The choice depends on the observations and the purpose of the analysis. Covariance and correlation can summarize patterns in paired values, whereas contingency tables address grouped or categorical observations. Regression is useful when the relationship will support prediction or a modeled analysis. Matching the measure to the data helps analysts draw more appropriate conclusions.
Contingency tables organize comparisons across categories, allowing analysts to examine how grouped observations occur together. Regression instead represents a relationship within a model, which can help examine or predict an outcome using related variables. This distinction matters because a descriptive comparison of categories and a model-based prediction serve different statistical purposes.
An observed relationship may reflect a confounding factor, meaning another variable influences the pattern being compared. Sampling variation can also affect the apparent strength or direction of an association.
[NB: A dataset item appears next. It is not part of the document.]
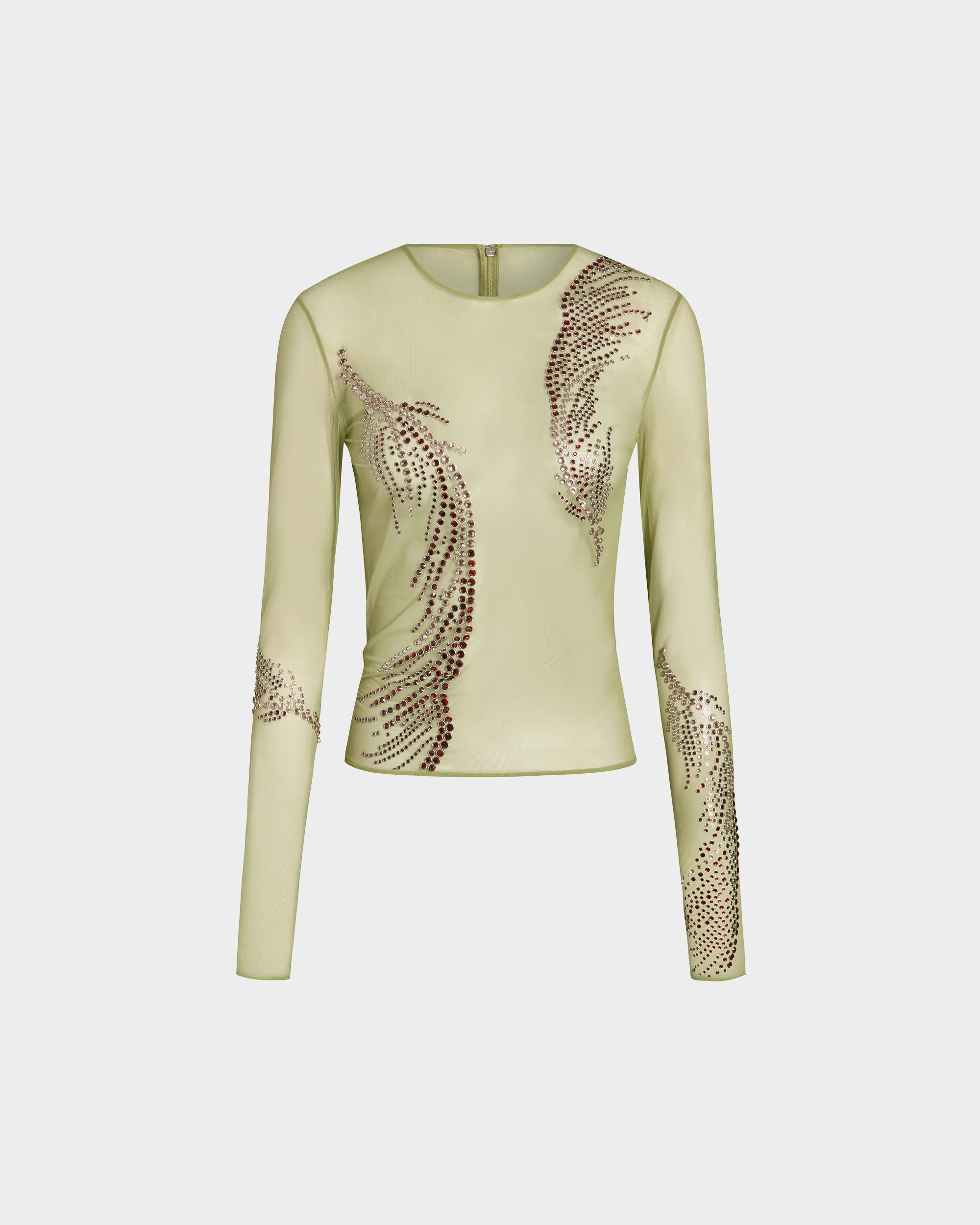 The Darwin top is cut from citrus green sheer mesh, adorned with feather-shaped crystal hot-fix appliqué on the front and sleeves. It features a minimal, slimline silhouette with a slightly cropped fitted bodice, long sleeves, and a round neckline.

Consequently, analysts need careful study design and appropriate models before treating a relationship as evidence about cause, rather than as a basis for further investigation.
First identify whether the observations are paired or grouped and whether they contain values or categories. Then select a suitable summary or model, such as covariance, correlation, a contingency table, or regression. Assess sampling variation and possible confounders, and interpret the result in light of the study design rather than inferring causation automatically.
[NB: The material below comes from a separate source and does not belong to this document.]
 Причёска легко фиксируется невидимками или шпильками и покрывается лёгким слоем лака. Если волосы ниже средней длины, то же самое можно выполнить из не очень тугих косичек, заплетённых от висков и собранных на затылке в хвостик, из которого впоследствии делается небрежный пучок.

Association can reveal variables whose observed patterns align with an outcome or with one another. Analysts may use those relationships during exploratory data analysis to identify potentially informative features, then apply regression or another appropriate model for prediction. The resulting relationship guides analysis, but it does not by itself prove that a selected feature causes the outcome.
In biology, medicine, and social science, analysts examine associations during exploratory data analysis, hypothesis testing, and prediction. These analyses can identify patterns that merit closer investigation and help organize relationships among variables or categories. Their practical value depends on matching the measure and model to the observations while accounting for sampling variation and possible confounding factors.